[Data segment — start]

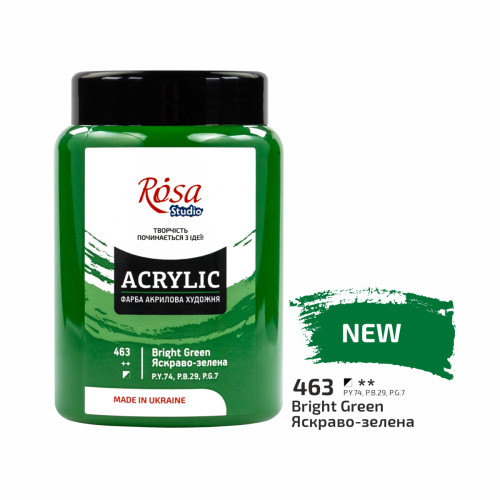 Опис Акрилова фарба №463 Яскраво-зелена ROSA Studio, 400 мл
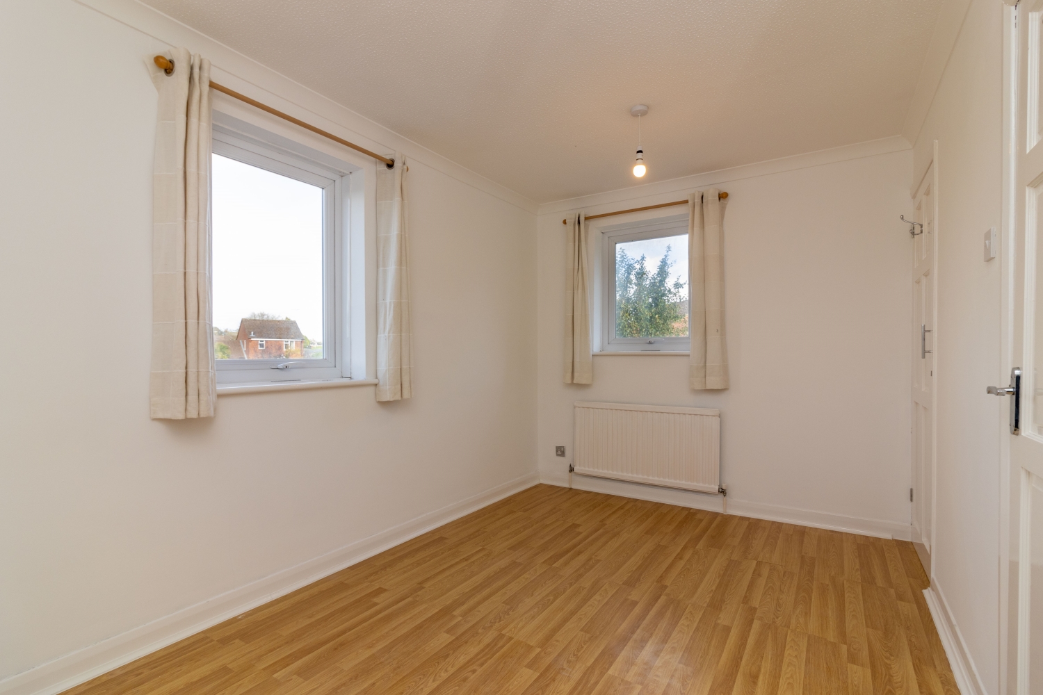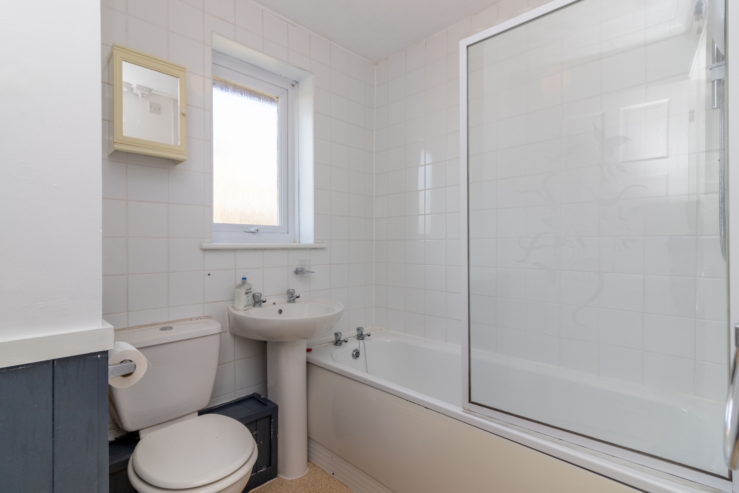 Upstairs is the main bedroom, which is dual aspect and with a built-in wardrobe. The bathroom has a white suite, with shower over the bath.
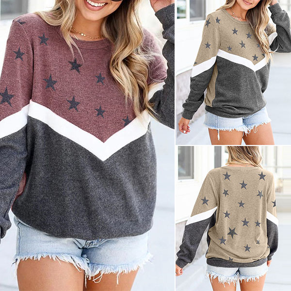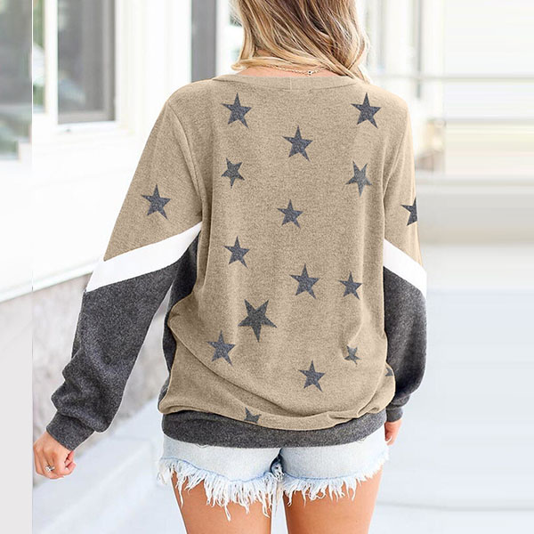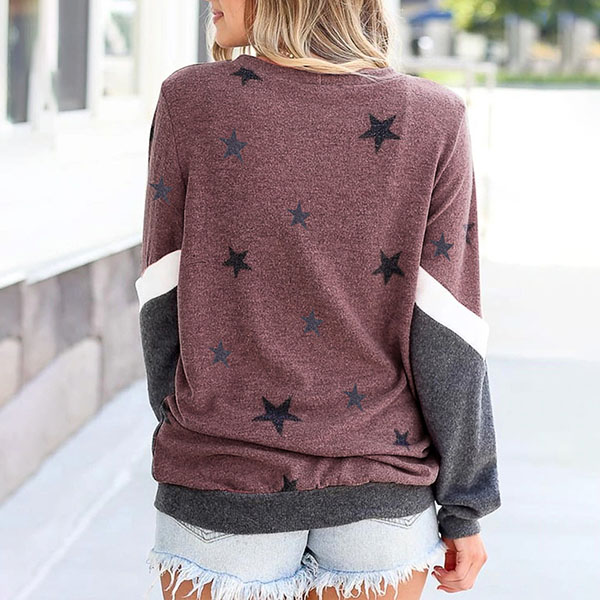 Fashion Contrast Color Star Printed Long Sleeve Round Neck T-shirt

[Data segment — finish]

## Task to complete
Where images occur in the data above, leave them out and repeat everything else exactly.

## Solution
 Опис Акрилова фарба №463 Яскраво-зелена ROSA Studio, 400 мл
 Upstairs is the main bedroom, which is dual aspect and with a built-in wardrobe. The bathroom has a white suite, with shower over the bath.
 Fashion Contrast Color Star Printed Long Sleeve Round Neck T-shirt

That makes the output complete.